MATERIAL TO PROCESS
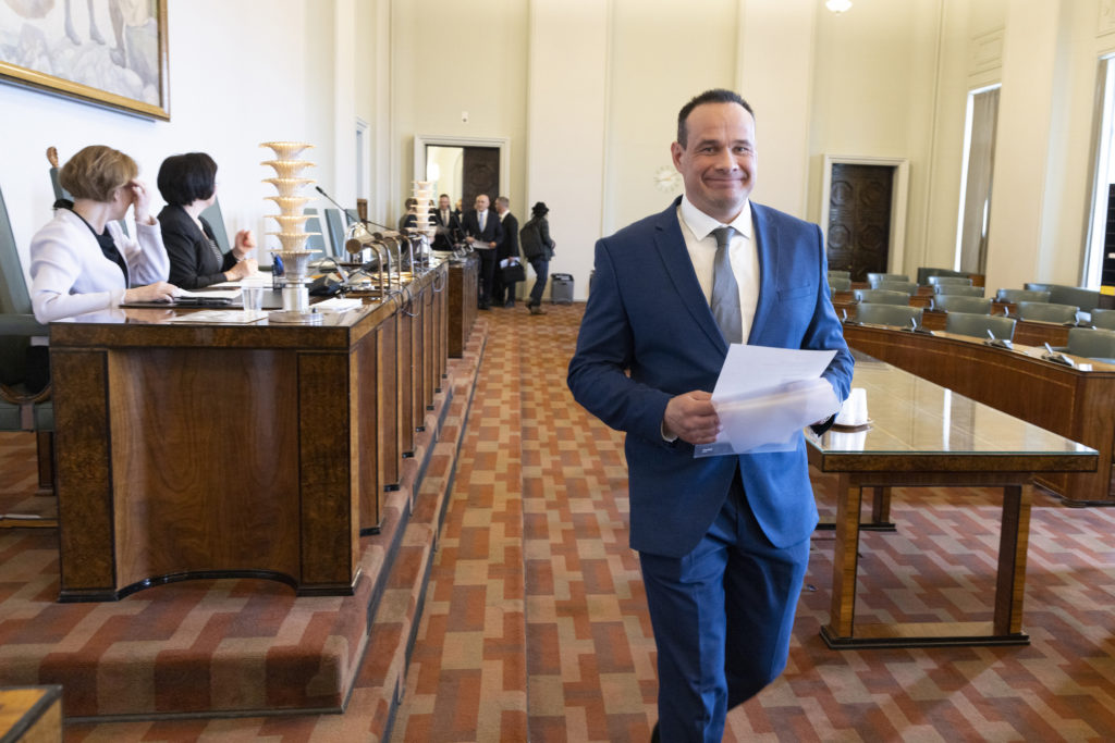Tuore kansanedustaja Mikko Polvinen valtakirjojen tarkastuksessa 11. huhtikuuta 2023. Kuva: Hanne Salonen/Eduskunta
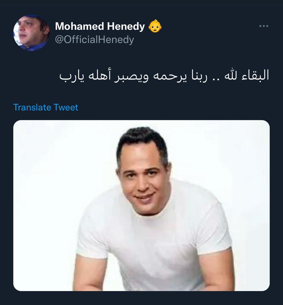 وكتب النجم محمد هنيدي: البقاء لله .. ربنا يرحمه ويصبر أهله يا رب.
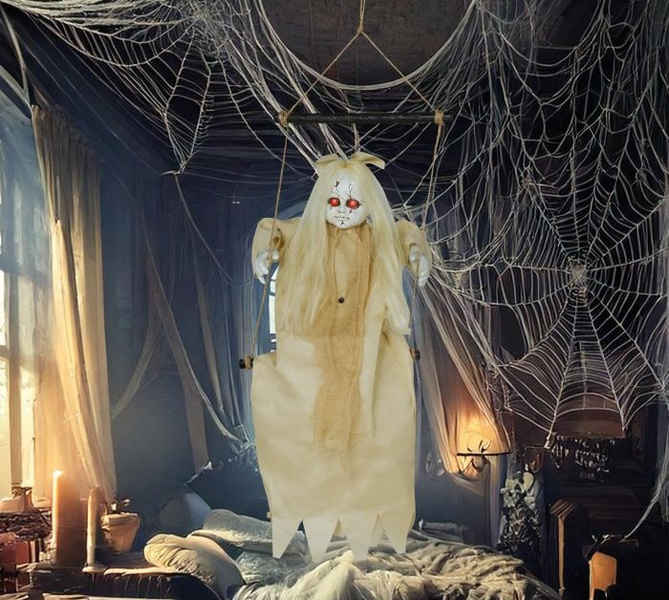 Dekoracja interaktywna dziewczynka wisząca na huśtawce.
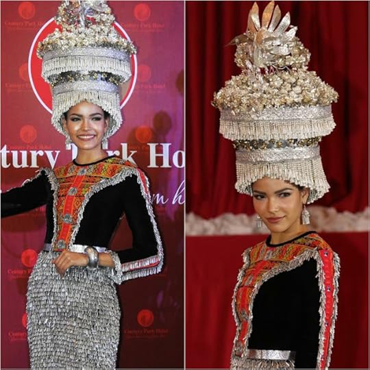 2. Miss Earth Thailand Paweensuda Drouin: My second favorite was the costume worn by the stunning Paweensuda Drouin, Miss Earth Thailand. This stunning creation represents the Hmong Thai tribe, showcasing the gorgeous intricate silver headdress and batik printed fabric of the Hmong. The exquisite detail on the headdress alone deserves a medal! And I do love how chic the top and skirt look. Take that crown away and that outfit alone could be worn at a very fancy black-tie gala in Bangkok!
* * *
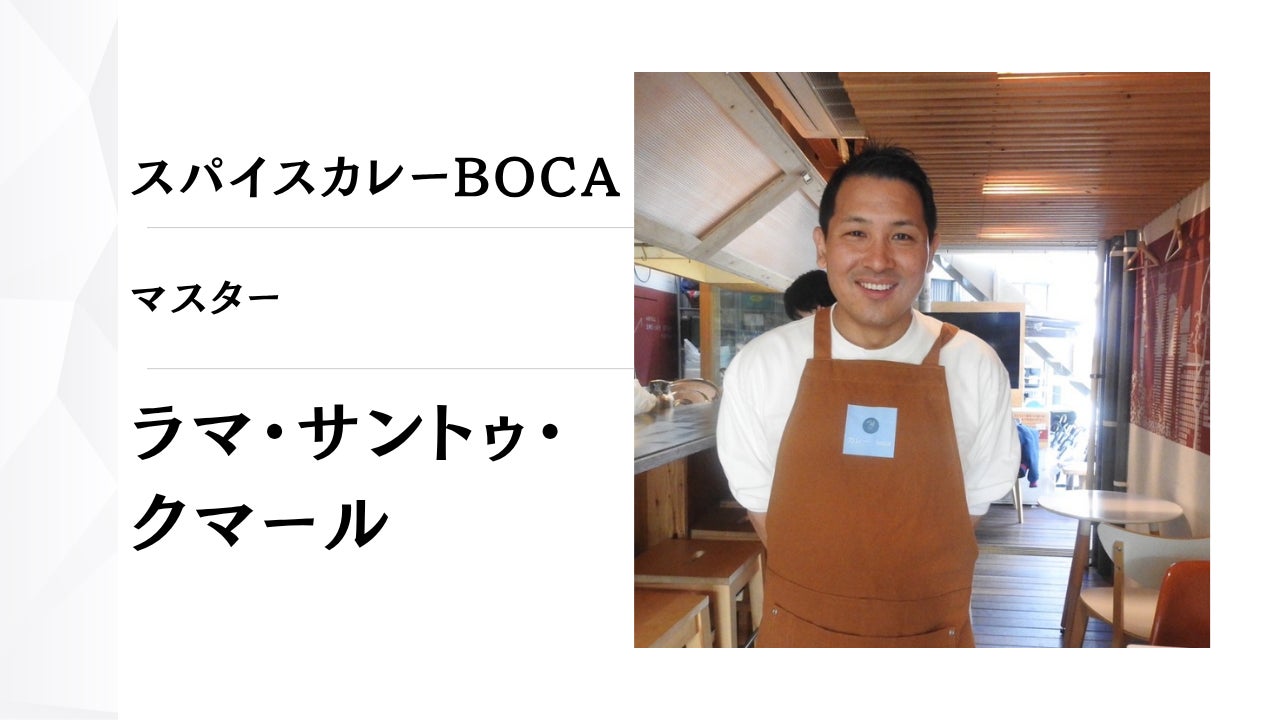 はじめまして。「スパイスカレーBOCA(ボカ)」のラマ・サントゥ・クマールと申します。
==
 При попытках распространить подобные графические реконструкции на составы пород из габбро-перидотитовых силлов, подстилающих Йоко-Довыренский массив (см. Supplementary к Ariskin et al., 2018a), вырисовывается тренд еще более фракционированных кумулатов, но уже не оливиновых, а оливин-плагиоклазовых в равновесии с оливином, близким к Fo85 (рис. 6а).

YOUR GOAL
Print from the line containing "Tuore kansanedustaja Mikko" through the line containing "2. Miss Earth" in the data above, exactly as the lines stand, and omit every picture.

PROBLEM SOLUTION
Tuore kansanedustaja Mikko Polvinen valtakirjojen tarkastuksessa 11. huhtikuuta 2023. Kuva: Hanne Salonen/Eduskunta
 وكتب النجم محمد هنيدي: البقاء لله .. ربنا يرحمه ويصبر أهله يا رب.
 Dekoracja interaktywna dziewczynka wisząca na huśtawce.
 2. Miss Earth Thailand Paweensuda Drouin: My second favorite was the costume worn by the stunning Paweensuda Drouin, Miss Earth Thailand. This stunning creation represents the Hmong Thai tribe, showcasing the gorgeous intricate silver headdress and batik printed fabric of the Hmong. The exquisite detail on the headdress alone deserves a medal! And I do love how chic the top and skirt look. Take that crown away and that outfit alone could be worn at a very fancy black-tie gala in Bangkok!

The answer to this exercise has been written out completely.